My first attempt using my standard lazy reflow method. Since the PCB is aluminum and solder won’t stick, I just wet my iron tip then hold it on the bottom of the board, then melt a bunch of solder onto the pads. After this I add some flux paste to the emitter bottom, and heat to reflow temps with the iron again. Once I see the emitter move into position I whack it on the top to shoot out all the excess solder. After that it’s just a matter of cleaning up all the flux. Overall this method worked as well as it does for any standard emitter and the emitter self aligned on the pads well.
Second attempt, this time actually using solder paste, too much solder paste at that. Standard paste procedure, apply paste, set part on paste, heat with hot air until reflow.
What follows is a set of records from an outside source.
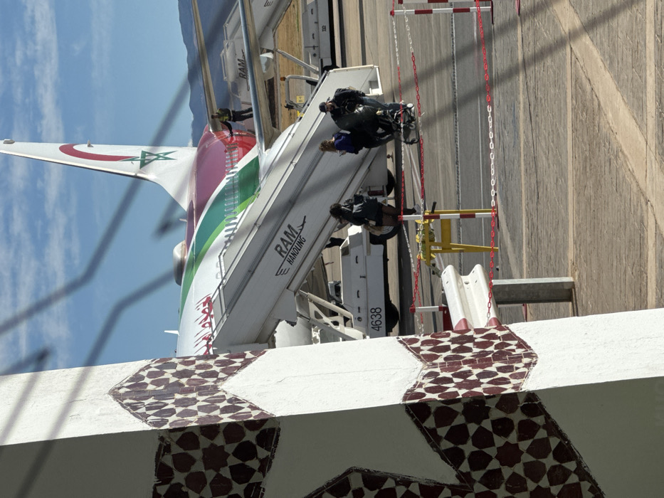 The image depicts an airport tarmac scene in Ouled Tayeb, Morocco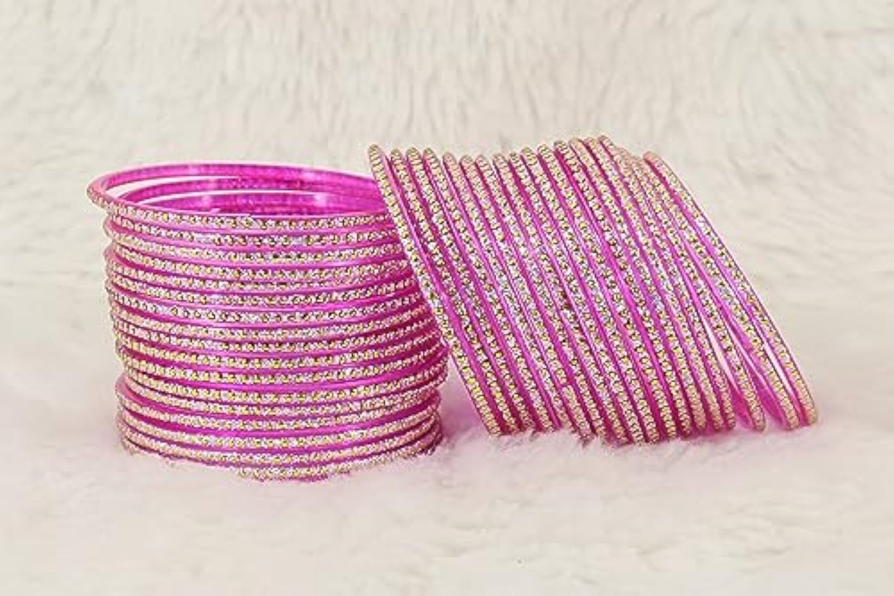 Elevate your traditional look with this set of 36 stylish bangles featuring a glass design with polka dots and glitter. Perfect for any occasion.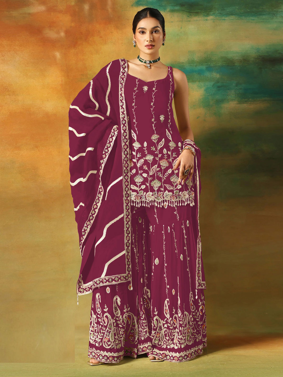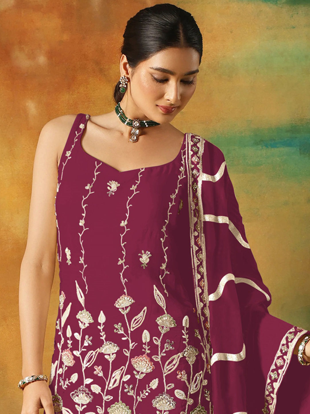 in Pink and Majenta with Thread work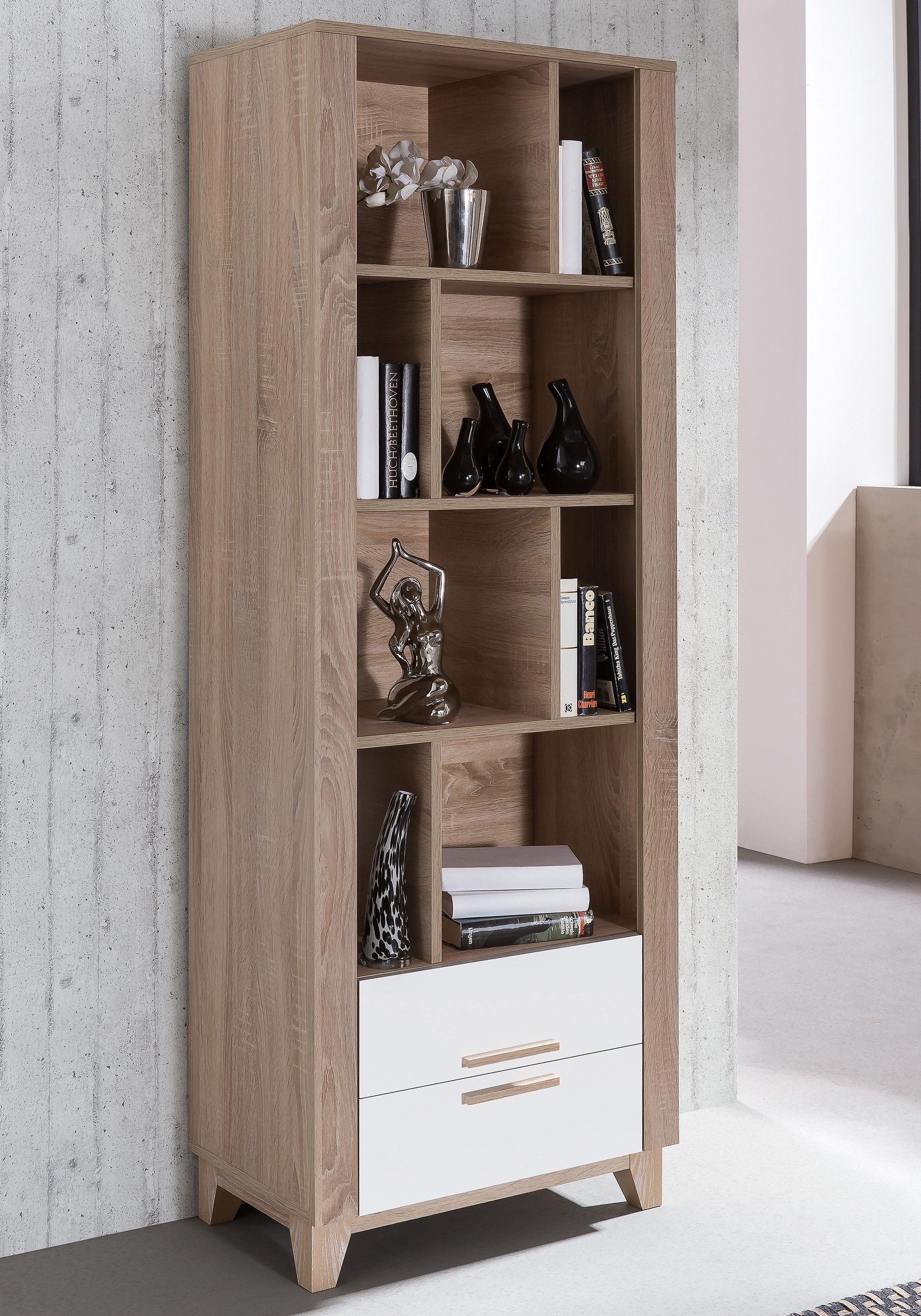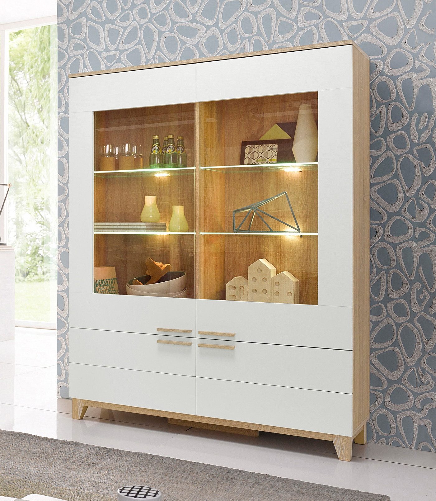 Germania Standvitrine Gw-Oslo | In Weiß mit Absetzungen in Sanremo Eiche | 98 x 135 x 40 cm | 2291-221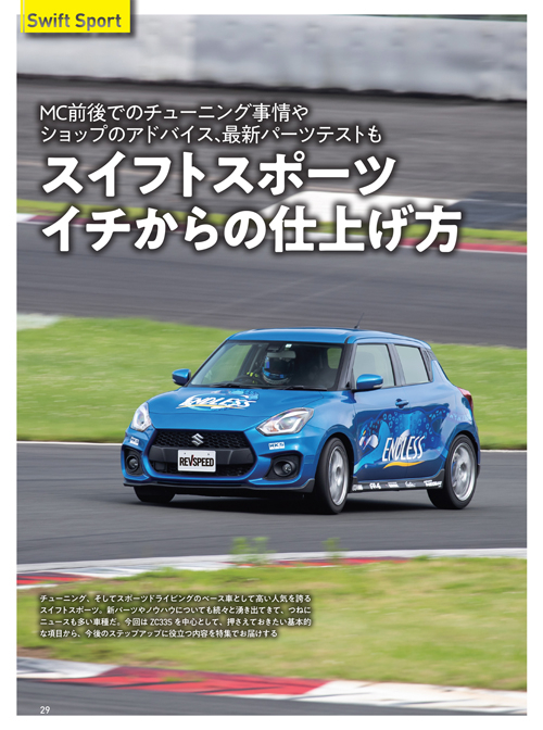 誌面特集『スイフトスポーツ』は最新チューニング情報と「これからこのクルマを楽しみたい人」のためにイチからのカスタマイズアドバイスを満載。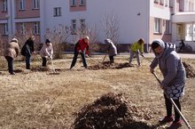 На этой неделе стартовал традиционный весенний субботник. Собирали мусор, сгребали прошлогоднюю листву и траву, наводили порядок в клумбах.

In this case I also whacked the LED on the top to eject the excess solder since I used way too much paste. After that just a simple cleaning with IPA.
Third attempt, again with solder paste, but a reasonable amount this time. Followed the same reflow procedure as the 2nd attempt, but no whack needed as there was not a bunch of extra paste this time.
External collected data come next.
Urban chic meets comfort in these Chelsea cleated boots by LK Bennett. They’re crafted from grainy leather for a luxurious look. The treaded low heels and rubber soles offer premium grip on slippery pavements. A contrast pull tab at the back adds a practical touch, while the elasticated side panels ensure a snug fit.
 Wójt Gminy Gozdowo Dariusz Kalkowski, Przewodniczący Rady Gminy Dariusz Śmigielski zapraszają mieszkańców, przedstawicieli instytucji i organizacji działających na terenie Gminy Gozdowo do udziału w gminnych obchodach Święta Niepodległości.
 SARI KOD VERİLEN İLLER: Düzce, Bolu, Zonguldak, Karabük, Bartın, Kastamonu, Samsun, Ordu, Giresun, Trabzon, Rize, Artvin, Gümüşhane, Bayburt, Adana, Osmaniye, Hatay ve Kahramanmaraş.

The VR16S1 is a great board for 144A and finally gives cree a useful competitor for XHP50 series in flashlights.
Overall I am very satisfied with both boards. The main drawbacks are the hard to solder wire pads, (which is only because the thermal performance is so good), and the somewhat fragile solder mask, but that’s done to get a better solder joint, which is a worthwhile tradeoff I think. I look forward to both of these being regular items in the shop.
Thanks for the review Kyle, and for various reflow methods. To solder the lead wire after the board installed in the host, I use Hakko Presto 20 - 130 watt solder iron: http://www.hakko.com/english/products/hakko_presto.html
But I changed the regular tip to long fine tip.
Rev.2 boards delivery scheduled in mid January 2018. Too many holidays disrupting the production in December.
- Clemence
So, if I have followed correctly the quad E21A would really like to be drive at around 3A total in parallel config? That is a very interesting board and concept, basically 4 leds in an XM footprint with very high CRI. I have been using the R9080 with the 219’s and would be interested in these little guys now.
The rev. 2 should be able to be driven more than 3A. My optimistic goal is 6A in 4p or 3A in 2s2p or 1,5A in 4s . Let’s keep fingers crossed.
The prototype was only 4,2mm x 4,2mm, the rev.2 will be 4,6mm x 4,6mm and much easier to reflow manually.
- Clemence